Another way to look at the results is the confusion matrix. The confusion matrix shows what was predicted compared to what actually happened. The squares are True Positives, False Positives, True Negatives and False Negatives. True values vs the total values make up the accuracy.

3.6.2 Exercise 10: Confusion matrix

trainpredict |>
  conf_mat(????_result, .pred_?????)
          Truth
Prediction     W     L
         W 26403 12595
         L 12620 26538

3.7 Comparing it to test data

Now we can apply our fit to the test data to see how robust it is. If the metrics are similar, that’s good – it means our model is robust. If the metrics change a lot, that’s bad. It means our model is guessing.
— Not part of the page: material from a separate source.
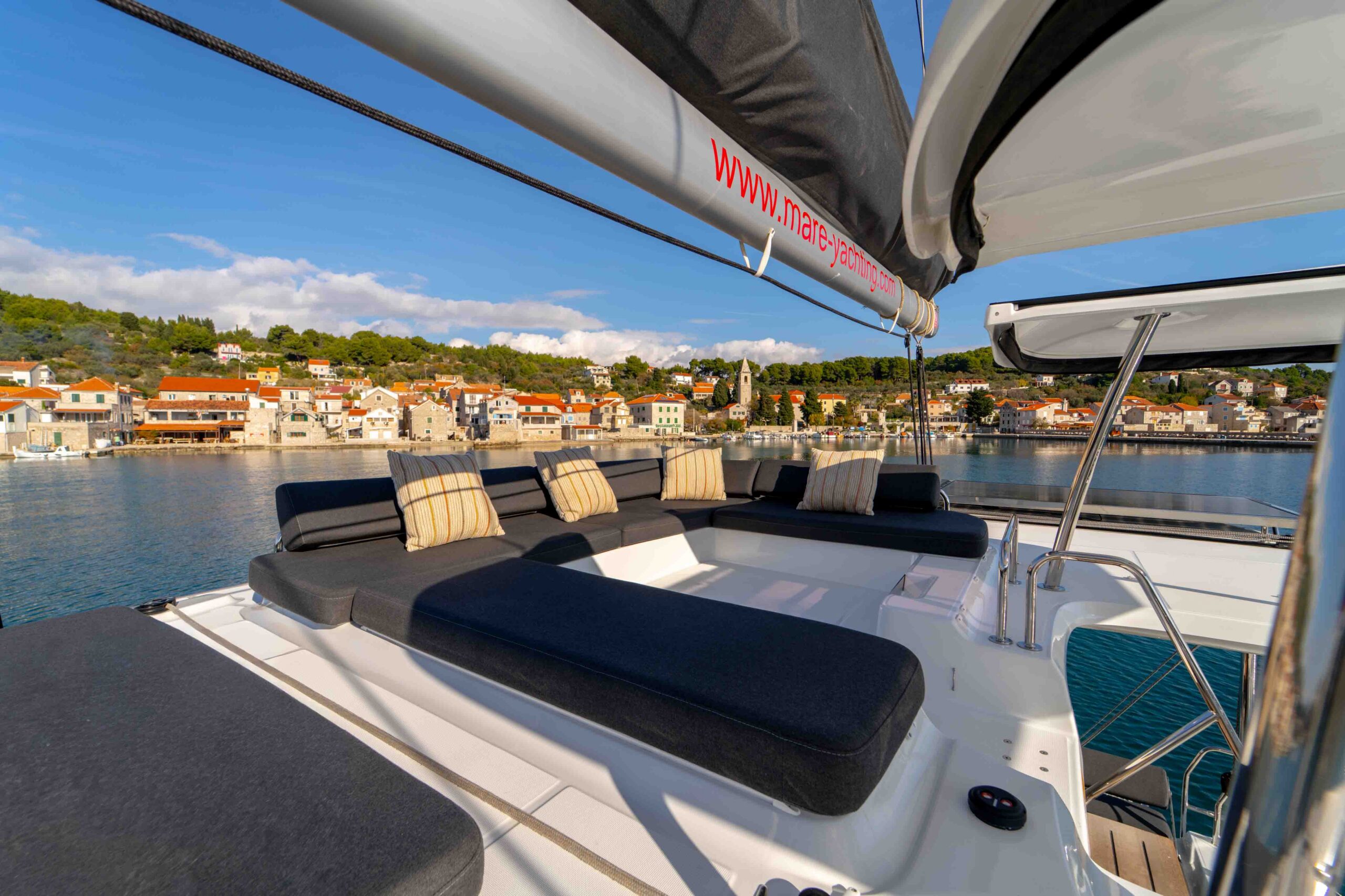 Die Lotti ist mit allem erdenklichen Komfort ausgestattet wie Generator, Klimaanlage, Wassermacher, großen Kühlschränken, Unterwasserbeleuchtung, Solarpanelen, großem Dinghy mit Steuerstand und zahlreichen Liege- und Sitzflächen.

testpredict <- log_fit |> predict(new_data = log_test) |>
  bind_cols(log_test)

testpredict <- log_fit |> predict(new_data = log_test, type="prob") |>
  bind_cols(testpredict)

And now some metrics on the test data.

3.7.1 Exercise 11: Testing

metrics(????predict, team_result, .pred_class)
# A tibble: 2 × 3
  .metric  .estimator .estimate
  <chr>    <chr>          <dbl>
1 accuracy binary         0.679
2 kap      binary         0.358

How does that compare to our training data? Is it lower? Higher? Are the changes large – like are we talking about single digit changes or double digit changes? The less it changes, the better.

And now the confusion matrix.

testpredict |>
  conf_mat(team_result, .pred_class)
          Truth
Prediction    W    L
         W 6604 3052
         L 3221 6663

How does that compare to the training data?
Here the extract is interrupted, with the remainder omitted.